Paul shrugged. “Whatever. I don't have a problem showing Leila. Maybe somewhere in there, she’ll know what’s happening and appreciate it, right?” He looked toward Lacey. She stared at her hands, and didn’t respond. Dark sunglasses hid her eyes. She shook her head slightly, but not vigorously enough to deter Paul, who held the phone 6 inches in front of Leila’s face and pressed play.
Leila saw herself talking first but she didn’t recognize her voice. It was the same, but slightly different. A light scar stretched across her face and over her temple, which was otherwise flawless. Her highlights were fresh, she had a deep tan, and their beach house looked like it had been updated with new decor.
The title of the video was “Summer of Change: One Year Later!” In the video, Lacey then began gushing about the day that Leila nearly died in the car crash, right outside of their home on the beach. Digital Leila put a hand on Lacey’s shoulder and chimed in. “I don’t remember anything about that day. All I have is this.” She pointed to the scar and turned to the camera.

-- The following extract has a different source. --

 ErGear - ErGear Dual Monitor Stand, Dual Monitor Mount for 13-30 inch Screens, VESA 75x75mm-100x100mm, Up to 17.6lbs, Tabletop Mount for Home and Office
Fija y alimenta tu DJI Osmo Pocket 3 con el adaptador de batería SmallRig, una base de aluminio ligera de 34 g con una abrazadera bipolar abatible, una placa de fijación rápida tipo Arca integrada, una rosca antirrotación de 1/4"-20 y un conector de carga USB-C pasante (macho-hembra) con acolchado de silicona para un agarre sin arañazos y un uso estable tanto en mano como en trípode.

“Thank you to the excellent surgeons at Shady Creek Hospital, I was able to get my life back. And thanks to you guys, I can continue my channel with Lacey. We’re truly the epitome of twin power. Summer changed us, but for the better!”
The twins proceeded to giddily walk viewers through new summer makeup trends. Paul paused the video. “2 Million views. Just posted this an hour ago. Can’t make this up.”

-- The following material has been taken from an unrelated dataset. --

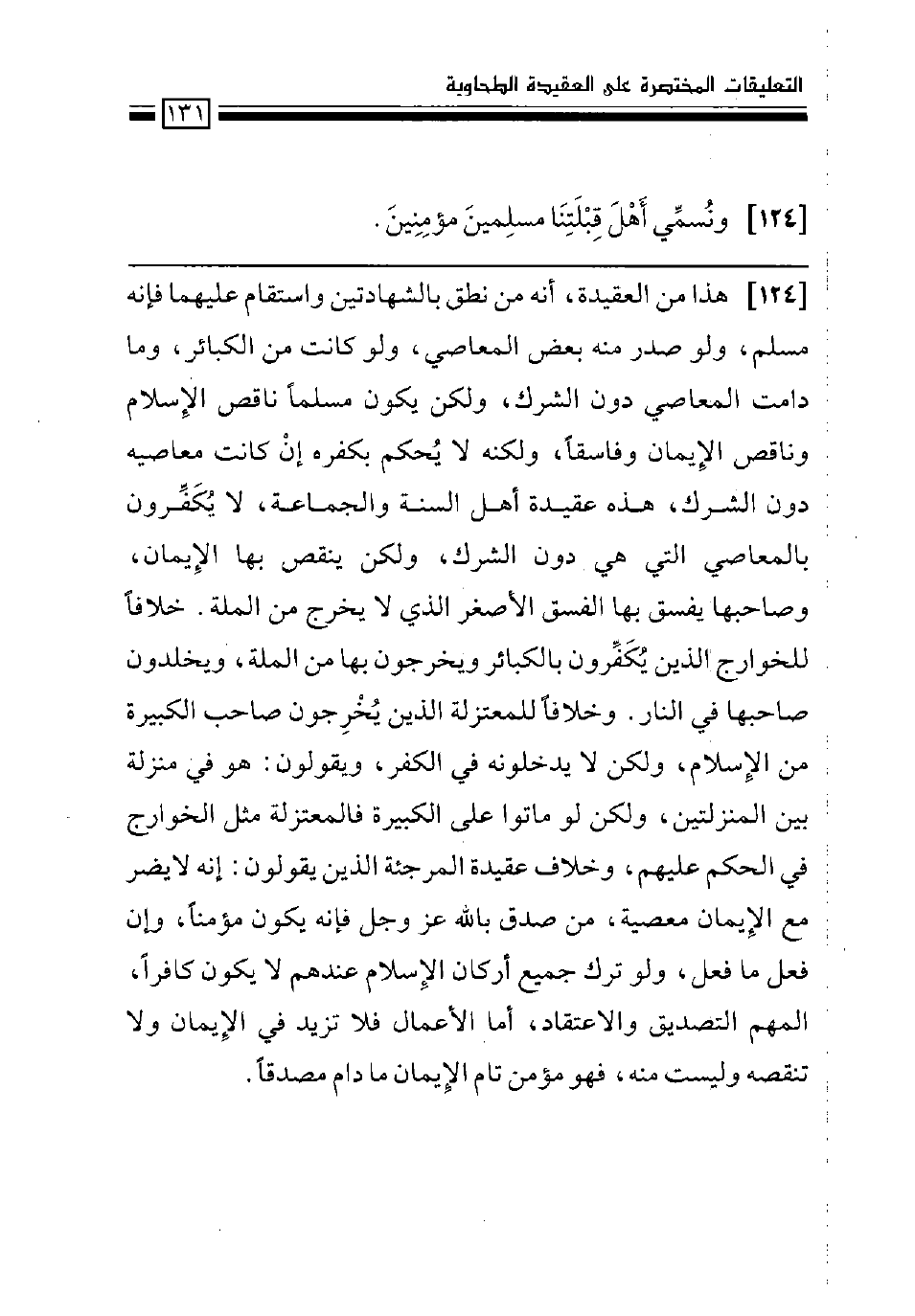 ونسمّي أهل قبلتنا مسلمين مؤمنين:

He started reading the comments below the video and smiled as he scrolled.
“Wow. She looks incredible after everything she’s been through.”
“She hasn’t aged a bit!”
“The twins never stop giving.”
“LOL…remember when people used to think they were AI?”

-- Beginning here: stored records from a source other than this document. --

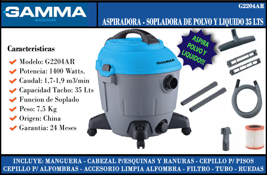 Gamma Aspiradora 35 Lts 1400w 220v Seco - Humedo
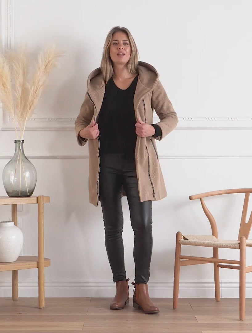 Cappotto con cappuccio e inserti in similpelle - Chameau
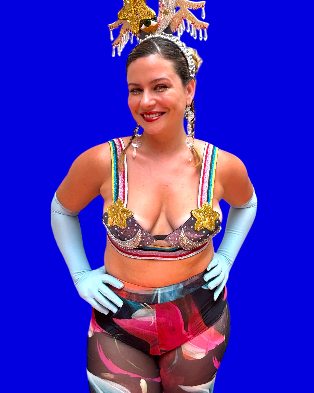 Feito em EVA, coberto de paetês e strass, com forro em feltro para maior conforto.

He laughed and said, “The irony. They’re eating this up.”
Lacey still hadn’t looked at Leila. Paul restarted video.
Digital Leila laughed, tucked a strand of hair behind her ear, and leaned into the camera.
“I love y’all.” Paul let the video continue as a nurse entered, humming to herself as she adjusted Leila’s IV. She stopped, and glanced at Leila's face, then at the video playing on Paul’s phone.
“I swear,” she said softly. “She looks even better now.” She smiled. “I still can’t tell you two apart.” She looked directly into Leila’s eyes and gave the faintest wink before wiping the saliva from the corner of Leila’s mouth. A tear slid slowly across Leila’s temple.
The nurse completed her routine, and Paul and Lacey eventually left. Leila stared into the empty room. Somewhere beyond the hospital walls, another version of Leila laughed into a camera. Everyone else believed it was her.